Each of us copes with birthdays in our own way. My wife, a model of dignity and grace, discreetly spends hers on an international vacation whenever possible. In 2019, she started her next orbit of the sun in the Zagreb Westin, snuggling with the man she settled for in 2010. He hadn't appreciated her expensive tastes back then, but it is something you get used to.

There wouldn't be a party this birthday, and you do get fewer birthday calls when you're half a world away. The goal was simply to enjoy a leisurely day in Zagreb, and pray desperately that British Airways didn't spoil the party.

An agenda is a birthday gift you give to yourself, and we had one: We'd be visiting the '80s museum and the Naive Art museum, then (in the light carefree spirit of all birthdays) taking a walking tour focused on the Croatian Homeland War. Ha ha ha! Reasonable readers would pin the last item on me, but it was actually something Allyson booked, and when the birthday girl wants a two-hour lecture on ethnic strife, that's what she gets.

Birthday breakfast was muffins at a bakery / coffee-to-go joint, plus the first birthday shots — in this case cappuccinos. We sat on a bench in Zagreb's horsey square — every respectable European city has one — to dine. And then it was back up the side of the hill, meandering around the neighborhoods. After a few minutes, we got our bearings and were finally able to walk directly into the past.

The Zagreb '80s museum is, very simply, an apartment decorated in the style of 1980s Yugoslavia. Marshall Tito never practiced the worst brand of Communism, but even his light touch couldn't erase the worst of that system. When he died in 1980, Yugoslavian society started to thaw in exciting and dangerous ways. Western pop culture and consumer goods started infiltrating the city.

The museum allows one to swim through that chaotic mess. You can try on clothes, lounge on the furniture, read 1980s newspapers, watch 1980s TV, look at 1980s smut and (theoretically, if the machines are working) play 1980s video games. There’s a living room, a kitchen and dining area, a bedroom and an office space. As an added bonus they have half a 1980s car — sadly, not a Yugo — deposited in the entry hall. Traffic was light during our visit, so we had ample opportunity to model the clothes, leaf through the smut and contemplate how Communism was ultimately destroyed by wide neckties. Let a thousand flowered sports shirts bloom.

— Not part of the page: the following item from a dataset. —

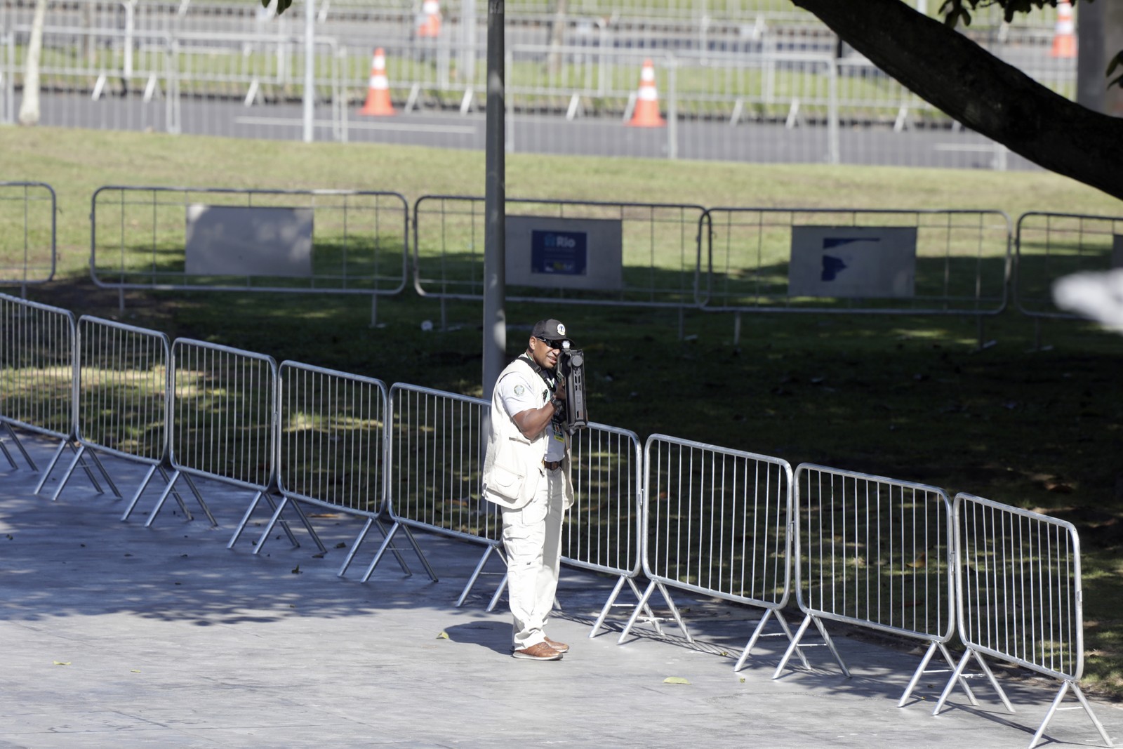 OO entorno do MAM teve a segurança reforçada durante o primeiro dia da Cúpula do G20 no Rio de Janeiro. Na foto,arma contra drone — Foto: Gabriel de Paiva / Agência O Globo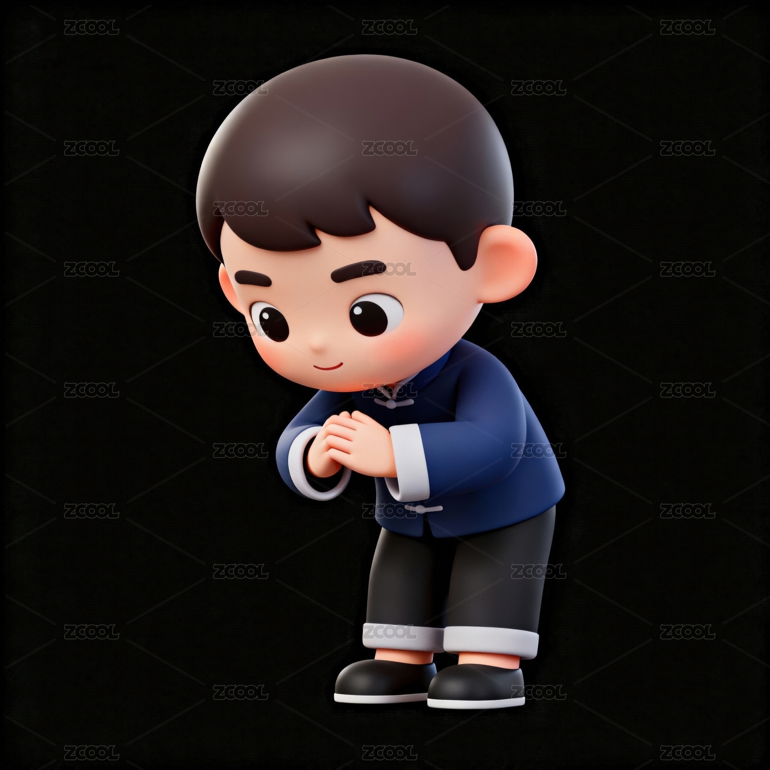 身穿中國(guó)傳統(tǒng)服裝的男子正在鞠躬行禮

We could have wallowed in capitalism's triumph for hours, but furniture from the 1980s isn't particularly comfortable, nor are 1980s newspapers particularly informative. The smut is certainly acceptable, but it pales in comparison to the next wonder that awaited us: the World's Shortest Public Funicular.

Some context: Funiculars are an important element of Jaffe-White vacations. We cherish unusual modes of transportation, and funiculars are perhaps the rarest; diagonal railroads are among man's greatest achievements. We have risked life and limb on the world's steepest funicular (in Australia), ascended to the heavens in Budapest, and glided to the heights of Pittsburgh and Johnstown.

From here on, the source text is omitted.